ST. PAUL, Minn. (AP) — Minnesota finance officials pegged a projected state budget surplus Thursday at nearly $1.9 billion over the next 19 months.

The economic forecast produced by the Department of Minnesota Management and Budget details state government finances while estimating the amount of money lawmakers will have at their disposal in the Legislature's election-year session.

The surplus comes from a variety of factors, including higher-than-estimated tax collections, plus the $865 million left unspent by the Legislature and Gov. Mark Dayton last session after they failed to agree on a tax-cut bill and a long-term spending plan for road and mass transit construction. The forecast also looks at spending patterns and economic conditions around the world that are expected for years into the future. It takes into account potential issues, such as a mining industry facing tumult and a sputtering stock market that could translate into smaller capital gains tax collections.

In announcing the figure, the state's budget agency added a word of caution: "Minnesota's budget outlook has improved from previous estimates despite a weaker economic outlook."

Speaking Wednesday before the report was released, Dayton said a healthy surplus would punctuate a "remarkable turnaround" from the repeat deficits he faced early in his tenure as governor.

By law, one-third of the excess money is automatically shifted into the state's rainy-day reserves. That takes $665 million of the surplus off the table, leaving about $1.2 billion for lawmakers to tussle over.

"Not only are we spending money responsibly, but we're setting money aside for the next economic downturn whenever that occurs," Dayton said.

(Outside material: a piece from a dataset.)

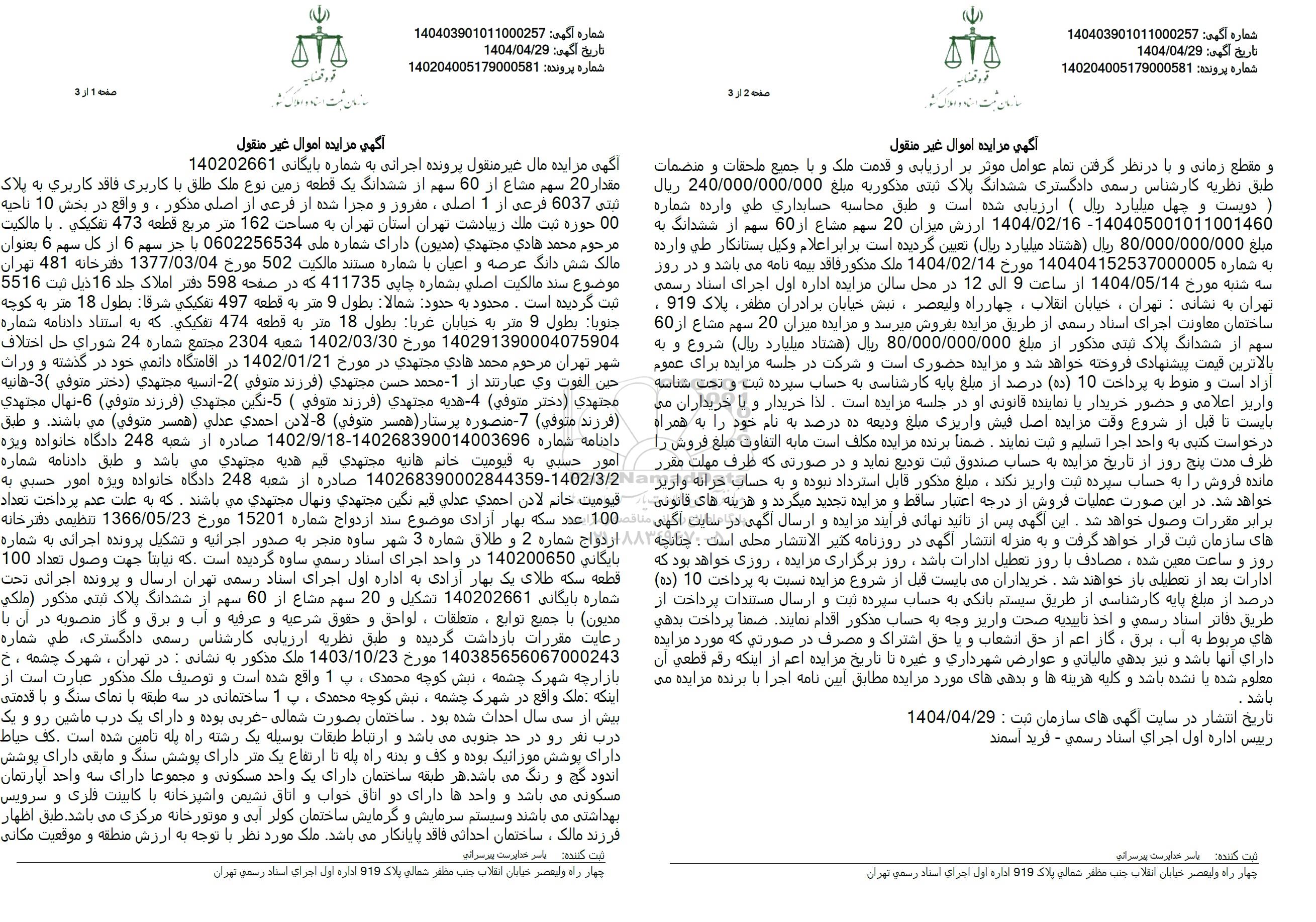 موضوع مزایده : یک قطعه زمین به پلاک ثبتی 6037 فرعی از یک اصلی مفروز و مجزی شده از فرعی از اصلی مذکور به ارزش 80.000.000.000 ریال

Senate Republican Leader David Hann called for some of the money to be put toward improving roads and bridges "and give the rest of the surplus back to taxpayers."

Minnesota currently has reserve and cash-flow accounts with a combined $1.3 billion. State finance officials have a goal of building that above $2 billion.

Republicans who lead the House have pressed to send a big portion of the money back to taxpayers through tax cuts, though there is expected to be significant discussion about what form those take and how much the state can afford. The same goes for spending plans pursued by Dayton and fellow Democrats, most notably proposals to increase school spending.

There will be one more economic forecast before the 2016 session begins in early March.